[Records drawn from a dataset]
++++++++

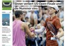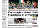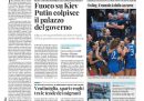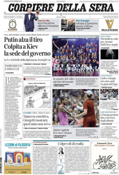 Sulla maggior parte delle prime pagine di oggi l’apertura si divide fra l’ennesimo attacco massiccio russo sull’Ucraina, che ha colpito anche il palazzo del governo ucraino a Kiev, e le notizie sportive, con la vittoria dell’Italia nei Mondiali femminili di pallavolo e la sconfitta di Sinner contro Alcaraz nella finale del singolare maschile degli US Open di tennis. Qualche giornale apre invece sull’intervento al forum di Cernobbio del ministro dell’Economia Giorgetti, che ha escluso una manovra economica correttiva nella prossima legge di bilancio.
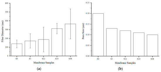 Table 1 shows the membrane properties of nylon 6,6 NFMs. Solvent vapor treatment clearly affects the porosity, the pore size and the surface roughness (Table 1). Figure 2a,b represent the fiber diameter and pore size as a function of solvent vapor exposure time. The fusion and melting of fibers caused an incremental increase in fiber diameter, as can observed in Figure 2a, and reduction in membrane pore size (Figure 2b). This resulted in a porosity reduction whereby the porosity of nylon 6,6 NFM is reduced from 71.30 ± 2.00% to 62.00 ± 1.00% when it is exposed for 48 h. The pore size decreases from 0.2 µm for S0 to 0.1 µm for S48 NFM.
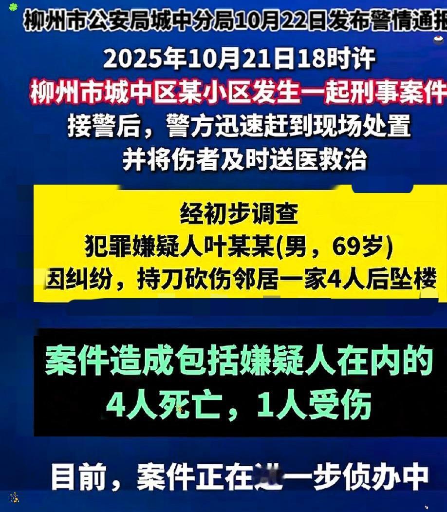 一家子的天塌了, 一家四口被砍,三口人被杀害,一人受伤, 这一家子真的没法活了,家破人亡了。 谁能想到,邻里间的一点摩擦,最后竟酿成三条鲜活生命消逝的惨剧? 69岁的邻居,本该是安稳度日的年纪,却举起刀将矛盾推向了绝境,这哪是邻里纠纷,分明是把冲动变成了毁人毁己的凶器。 更让人堵心的是,嫌疑人坠楼身亡,没给受害者家属一个直面讨说法的机会。 三条人命的公道成了悬案,活着的人带着伤痛无处倾诉,逝去的人怕是也难安息,这比任何惩罚都更让人难受。 其实邻里相处哪有解不开的结?退一步、让一句,多些包容少点计较,何至于走到家破人亡的地步? 冲动从来不是解决问题的办法,而是把所有人拖进深渊的魔鬼。 你们觉得,邻里间遇到矛盾时,该怎么避免冲突升级?如果是你,会用什么方式化解邻里摩擦?
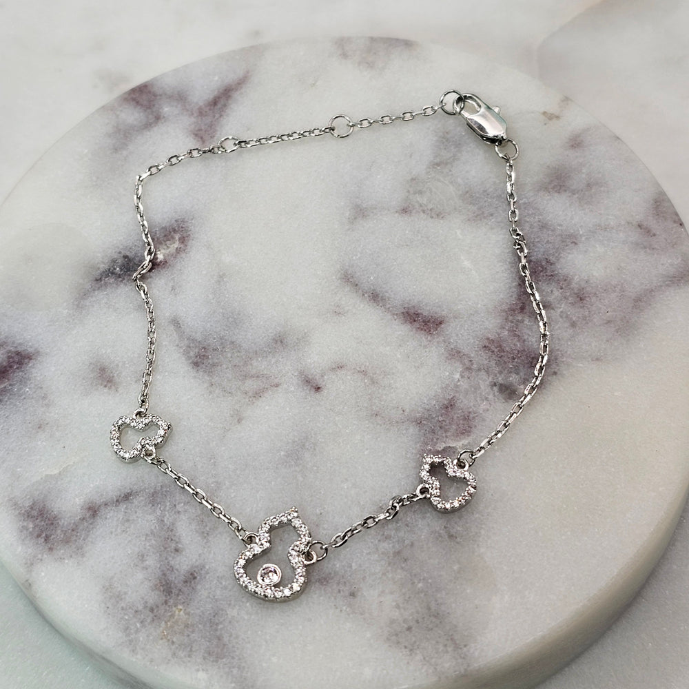 Pulsera bañada en plata rodinada con delicado dije de calabaza finamente adornado con circones brillantes. Una pieza elegante y encantadora que combina brillo, estilo y distinción.
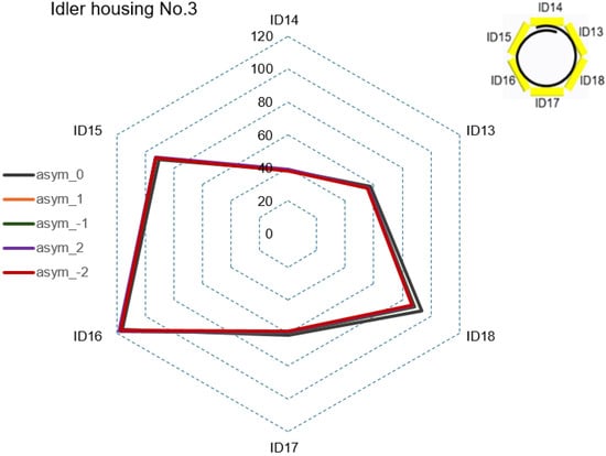 Figure 9 shows the range for idler housing No. 3 at 120 N. It shows that in idler housing No. 3, the variability in CF at the positions of the rollers with measuring strain gauges ID13 to ID18 was insufficient to classify asymmetry for all levels of the set TF asymmetry.
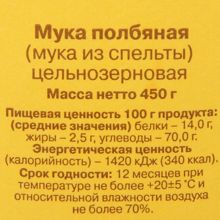 Мука полбяная т.м. "С. Пудовъ", бум/пак, 0,45 кг 2081359
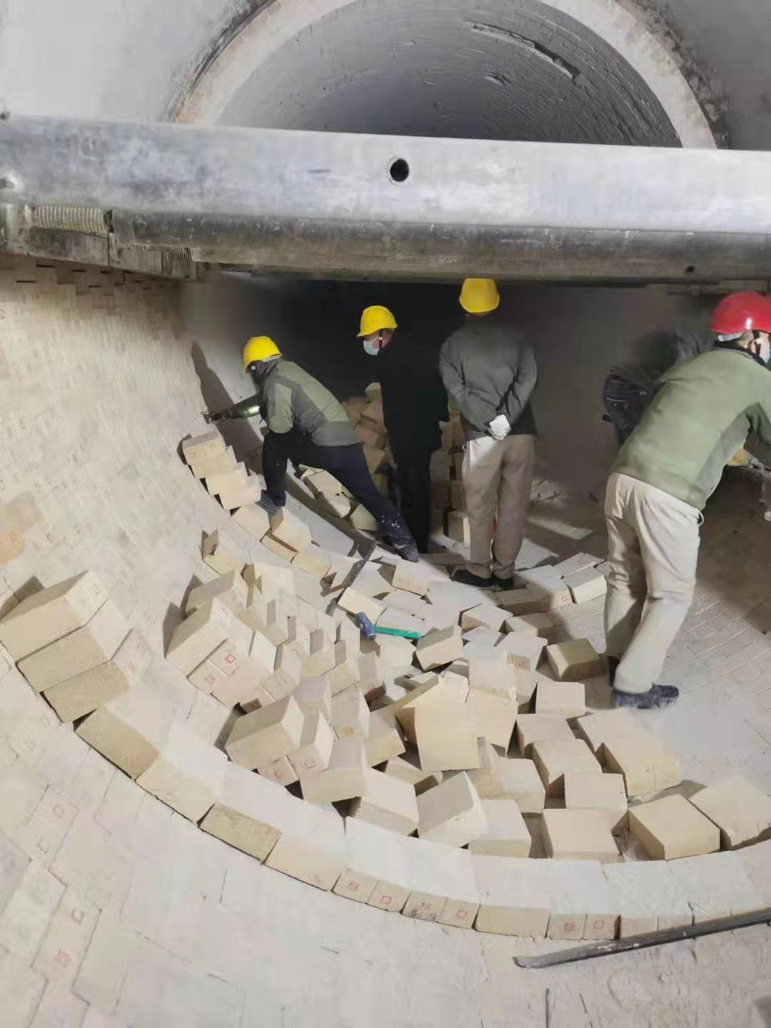 入窯鉸刀更換結(jié)束后,幾名維修工再一次細(xì)致的對(duì)鉸刀附屬設(shè)備進(jìn)行檢查,確;剞D(zhuǎn)窯開(kāi)啟后入窯鉸刀能夠長(zhǎng)周期穩(wěn)定運(yùn)行。回轉(zhuǎn)窯內(nèi),平時(shí)的崗位巡檢操作工變身砌磚師傅,對(duì)窯磚進(jìn)行砌筑。大家配合默契,像極了從事砌磚行業(yè)多年的老師傅。窯頭平臺(tái)上,頂著寒風(fēng)搬磚的是各裝置協(xié)調(diào)的員工。一方有難八方支援,不管回轉(zhuǎn)窯還是電石爐,都是資源再生公司的設(shè)備。哪兒檢修,其他裝置馬上協(xié)調(diào)人員配合。一次檢修就是一次考驗(yàn),不僅要保安全保進(jìn)度,還要保證檢修質(zhì)量。各級(jí)管理人員在保證安全的前提下對(duì)窯磚砌筑質(zhì)量進(jìn)行檢查,確保檢修質(zhì)量。
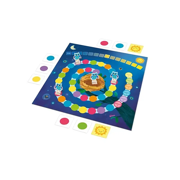 Allez hop, au lit les petits hiboux ! Il est temps de rentrer se coucher. Aidez les hiboux à rentrer au nid avant que le soleil ne se lève. Jouez une carte couleur et volez jusqu’à la prochaine case de cette couleur sur le plateau. Quand vous piochez une carte Soleil, vous vous rapprochez de l’aube. Les joueurs vont faire équipe pour que tous les hiboux soient rentrés à la maison avant le lever du soleil.
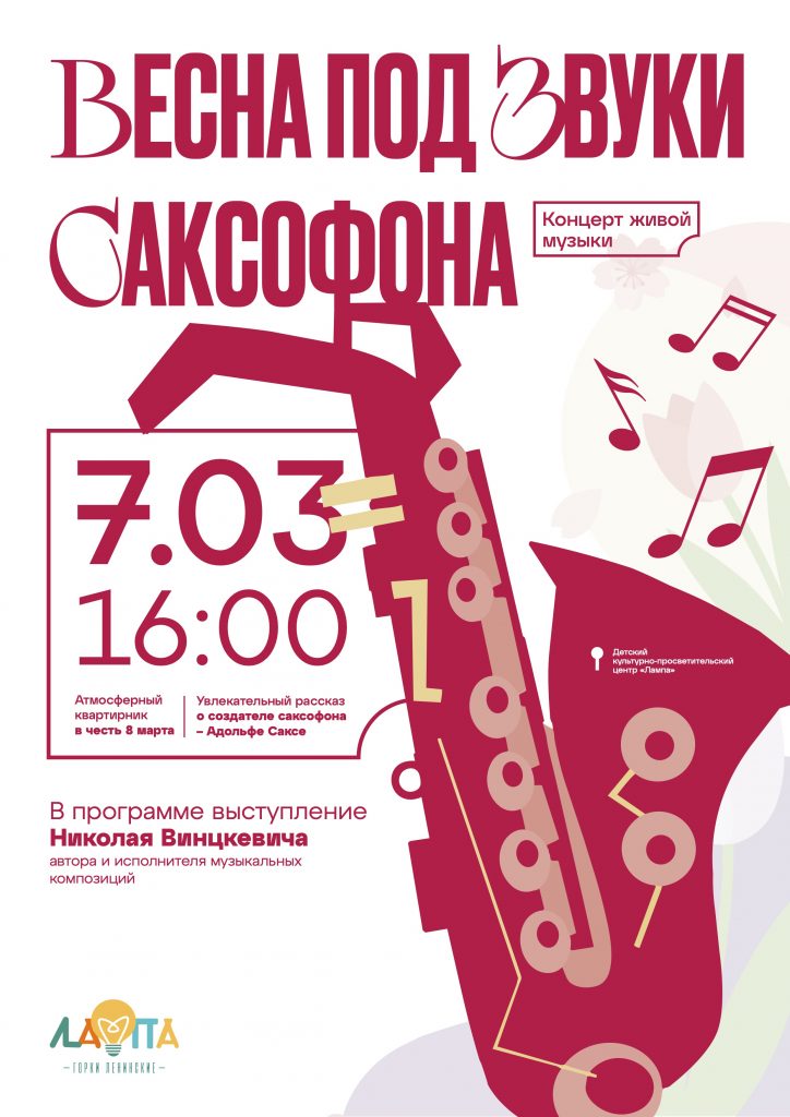 Атмосферный квартирник в честь 8 марта, в центре которого, звучание саксофона и увлекательный рассказ о его создателе – Адольфе Саксе. Через историю рождения инструмента гости смогут по-новому услышать его характер: от мягкой лирики до выразительной силы звучания. В программе: выступление Николая Винцкевича – автора и исполнителя музыкальных композиций, а также другие популярные произведения. Формат вечера камерный – для детей и взрослых, без сцены и дистанции. Нам важно сохранить атмосферу живого общения.

++++++++

• Requirement: Could you reproduce the records above exactly, leaving out every picture?

• Solution to this problem:
 Sulla maggior parte delle prime pagine di oggi l’apertura si divide fra l’ennesimo attacco massiccio russo sull’Ucraina, che ha colpito anche il palazzo del governo ucraino a Kiev, e le notizie sportive, con la vittoria dell’Italia nei Mondiali femminili di pallavolo e la sconfitta di Sinner contro Alcaraz nella finale del singolare maschile degli US Open di tennis. Qualche giornale apre invece sull’intervento al forum di Cernobbio del ministro dell’Economia Giorgetti, che ha escluso una manovra economica correttiva nella prossima legge di bilancio.
 Table 1 shows the membrane properties of nylon 6,6 NFMs. Solvent vapor treatment clearly affects the porosity, the pore size and the surface roughness (Table 1). Figure 2a,b represent the fiber diameter and pore size as a function of solvent vapor exposure time. The fusion and melting of fibers caused an incremental increase in fiber diameter, as can observed in Figure 2a, and reduction in membrane pore size (Figure 2b). This resulted in a porosity reduction whereby the porosity of nylon 6,6 NFM is reduced from 71.30 ± 2.00% to 62.00 ± 1.00% when it is exposed for 48 h. The pore size decreases from 0.2 µm for S0 to 0.1 µm for S48 NFM.
 一家子的天塌了, 一家四口被砍,三口人被杀害,一人受伤, 这一家子真的没法活了,家破人亡了。 谁能想到,邻里间的一点摩擦,最后竟酿成三条鲜活生命消逝的惨剧? 69岁的邻居,本该是安稳度日的年纪,却举起刀将矛盾推向了绝境,这哪是邻里纠纷,分明是把冲动变成了毁人毁己的凶器。 更让人堵心的是,嫌疑人坠楼身亡,没给受害者家属一个直面讨说法的机会。 三条人命的公道成了悬案,活着的人带着伤痛无处倾诉,逝去的人怕是也难安息,这比任何惩罚都更让人难受。 其实邻里相处哪有解不开的结?退一步、让一句,多些包容少点计较,何至于走到家破人亡的地步? 冲动从来不是解决问题的办法,而是把所有人拖进深渊的魔鬼。 你们觉得,邻里间遇到矛盾时,该怎么避免冲突升级?如果是你,会用什么方式化解邻里摩擦?
 Pulsera bañada en plata rodinada con delicado dije de calabaza finamente adornado con circones brillantes. Una pieza elegante y encantadora que combina brillo, estilo y distinción.
 Figure 9 shows the range for idler housing No. 3 at 120 N. It shows that in idler housing No. 3, the variability in CF at the positions of the rollers with measuring strain gauges ID13 to ID18 was insufficient to classify asymmetry for all levels of the set TF asymmetry.
 Мука полбяная т.м. "С. Пудовъ", бум/пак, 0,45 кг 2081359
 入窯鉸刀更換結(jié)束后,幾名維修工再一次細(xì)致的對(duì)鉸刀附屬設(shè)備進(jìn)行檢查,確;剞D(zhuǎn)窯開(kāi)啟后入窯鉸刀能夠長(zhǎng)周期穩(wěn)定運(yùn)行。回轉(zhuǎn)窯內(nèi),平時(shí)的崗位巡檢操作工變身砌磚師傅,對(duì)窯磚進(jìn)行砌筑。大家配合默契,像極了從事砌磚行業(yè)多年的老師傅。窯頭平臺(tái)上,頂著寒風(fēng)搬磚的是各裝置協(xié)調(diào)的員工。一方有難八方支援,不管回轉(zhuǎn)窯還是電石爐,都是資源再生公司的設(shè)備。哪兒檢修,其他裝置馬上協(xié)調(diào)人員配合。一次檢修就是一次考驗(yàn),不僅要保安全保進(jìn)度,還要保證檢修質(zhì)量。各級(jí)管理人員在保證安全的前提下對(duì)窯磚砌筑質(zhì)量進(jìn)行檢查,確保檢修質(zhì)量。
 Allez hop, au lit les petits hiboux ! Il est temps de rentrer se coucher. Aidez les hiboux à rentrer au nid avant que le soleil ne se lève. Jouez une carte couleur et volez jusqu’à la prochaine case de cette couleur sur le plateau. Quand vous piochez une carte Soleil, vous vous rapprochez de l’aube. Les joueurs vont faire équipe pour que tous les hiboux soient rentrés à la maison avant le lever du soleil.
 Атмосферный квартирник в честь 8 марта, в центре которого, звучание саксофона и увлекательный рассказ о его создателе – Адольфе Саксе. Через историю рождения инструмента гости смогут по-новому услышать его характер: от мягкой лирики до выразительной силы звучания. В программе: выступление Николая Винцкевича – автора и исполнителя музыкальных композиций, а также другие популярные произведения. Формат вечера камерный – для детей и взрослых, без сцены и дистанции. Нам важно сохранить атмосферу живого общения.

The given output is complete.